Perfection as the Enemy of the Good

A corollary to this conflict-is-ok approach is that certain kinds of conflict shouldn’t block progress; it’s not necessary for every replica to have the exact correct information at the same time, since most information in a large database has a low probability of collision. The bank balance example they gave was a good one; it shouldn’t block a transaction from account A to account B just because it doesn’t know for sure exactly how much money is in A, so long as we know that A has at least as much as the transfer amount.

Safety First

On the other hand, there is one area where the authors seemed to have a much lower tolerance for imperfection and conflict, and this was in the area of security. It occurred to me that few if any of the papers we’ve read so far in class have even mentioned security, let alone cooked it into the system. I liked the idea that security certificates could be revoked using a regular write procedure, and thereby eventually (hopefully not too slowly) propagated throughout the entire system via pairwise anti-entropy sessions.

This leads me to one of my questions about Bayou, which concerns how well it would perform when certain partitions persist for a long time. The system is designed such that local clusters could theoretically continue to interact in spite of being partitioned from the rest of the network – what would happen if they were separated for a long time and evolved two very different but internally consistent forks? It seems this state might put a lot of pressure on the system because the majority of writes would remain “tentative” for a very long time. And when finally reunified, many undo operations would be necessary and automated conflict resolution would probably be infeasible.

The Anti-Entropy Protocol

In the follow-on paper to the original Bayou paper, “Flexible Update Propagation for Weakly Consistent Replication”, the authors describe in greater detail the system’s anti-entropy protocol. First, there are a few requirements; for instance, Bayou’s replicas use an append-only strategy, which means that updates can happen in a single direction without any danger of ambiguous delta resolution problems. Furthermore, the system relies on a version of logical time that implements “a closure constraint on the set of writes known to a server, which we call the prefix-property, … [that] enables the use of version vectors to compactly represent the set of writes known to a server.” Every replica maintains a logical clock that advances on both new “organic” writes and on anti-entropy “corrective” writes.
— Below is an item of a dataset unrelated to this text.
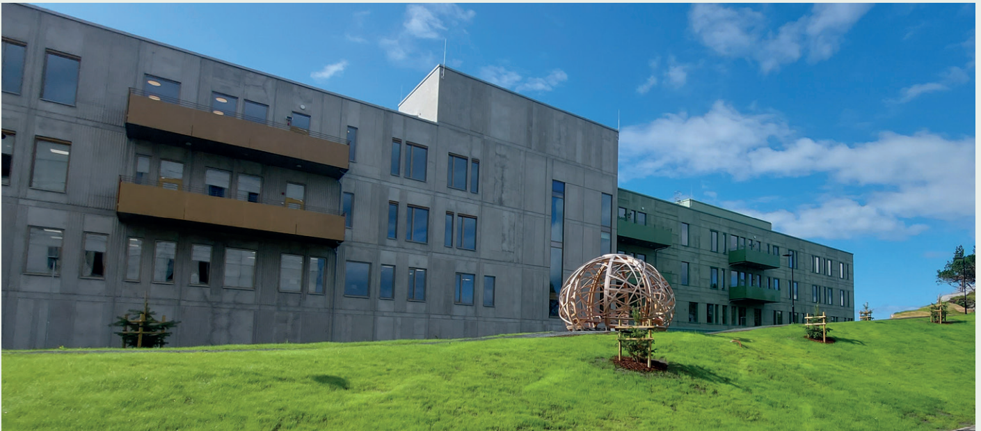
Arkitekt for sykehuset og helsehuset er Arkitema.

med tanke på den høye kompleksiteten. Det har vært høy kompetanse på alle sider av bordet, og vi har vært veldig fornøyde med denne måten å samarbeide på. Vi mener det er riktig vei å gå, sier Nilsen.

These constraints mean that if servers A and B are matched for an anti-entropy session, A can check B’s version vector and that will tell A everything it needs to know about what to send to B. There are also some clever optimizations such as, in the case of tentative commits in B that are stable in A, sending only a new commit sequence number rather than the entire commit.

Garbage Collection and Estranged Replicas

So given the append-only strategy, the problem then becomes how to decide when to retire commits that are stable and obvious to the entire system. As it turns out, estranged replicas can be a problem. This is because if we have to wait for every server to confirm that a commit has been included in its logs, we may be waiting a really long time. And during that time, the logs are going to get really long.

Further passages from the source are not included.